What sort of security is typically created or entered into by an investor who is borrowing to acquire or develop real estate?

Italy

Italy

Italian law formally recognises only specific types of contractual security which grant preferential rights in favour of a creditor over the assets of the grantor. The main kind of security typically granted in the context of a real estate financing is the following:

1. ‘ipoteca’: a mortgage in respect of immovable property (land and buildings) and certain classes of registered movable property (cars, ships, aircrafts). A mortgage must be executed by a written deed before a Notary public and it must be deposited and registered with the competent Land Registry (Conservatoria dei Registri Immobiliari) to be validly created;

2. ’pegno’: a pledge in respect of movable property, receivables or other assets. For example, it is common for the shareholder(s) in a borrower company to grant a pledge over the shares in the financed propco or, for borrowers, to grant a pledge over, inter alia, each bank account held by the borrower itself in relation to the relevant transaction;

3.‘privilegio speciale’ (under Article 46 of the Decree No. 385 of 1 September 1993 of the Republic of Italy (‘Banking Law’): a floating charge over present and future movable properties (not registered in a public registry), belonging to a company, in order to secure debt claims under a medium or long-term financing (with a duration exceeding 18 months) granted by authorised banking entities.

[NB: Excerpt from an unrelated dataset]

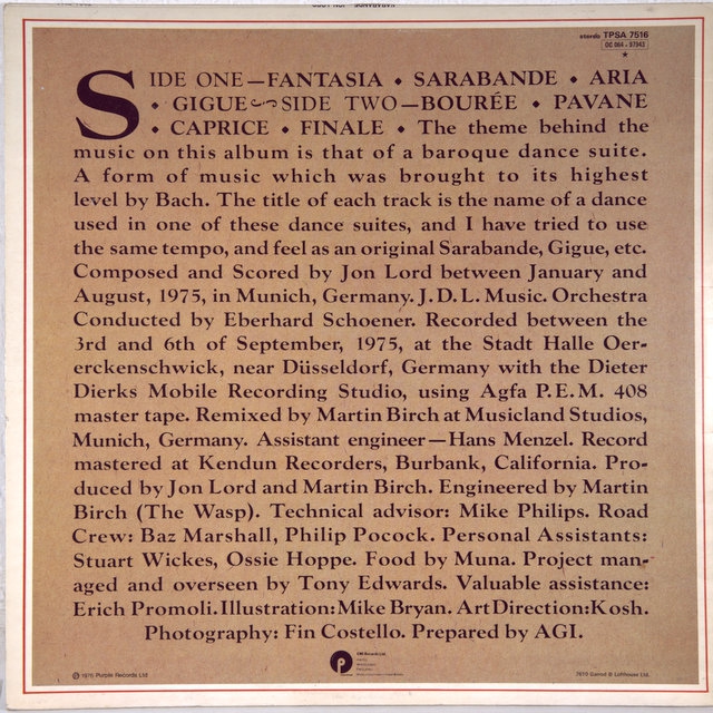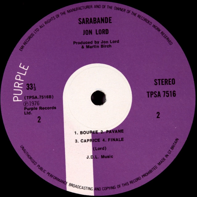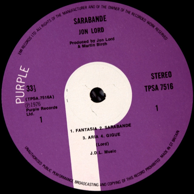 Сольный альбом клавишника DEEP PURPLE. JON LORD-SARABANDE-1976-Первый пресс UK-PURPLE REC.- номер TPSA-7516 матрицы A-1/B-1

The classes of goods which can be subject to a privilegio speciale are:

  • present or future equipment, plant and machinery, concessions and fixed assets;
  • raw materials, works-in-progress, finished goods, livestock and merchandise;
  • goods purchased in any manner with the proceeds of the relevant financing; and
  • present or future receivables arising from sales of the assets and goods above specified

4. ‘cessione di crediti in garanzia’: an assignment of claims by way of security is not technically a security, but an absolute transfer of title. In the context of a real estate financing transaction, an assignment by way of security typically concerns all rights and receivables arising from insurance policies, occupational leases and/or construction contracts (in the case of real estate development).

Under any such scheme, the debtor(s) of the assignor typically continue to pay to the borrower the amounts due to it until an event of default occurs, and the assignor undertakes to channel any relevant proceeds on a bank account pledged in favour of the lender.

The security mentioned above can be created by separate security documents or within the loan agreement itself (except for the security that must be executed by a written deed before a Notary public). The market standard for structured transactions, however, usually provides for separate documents.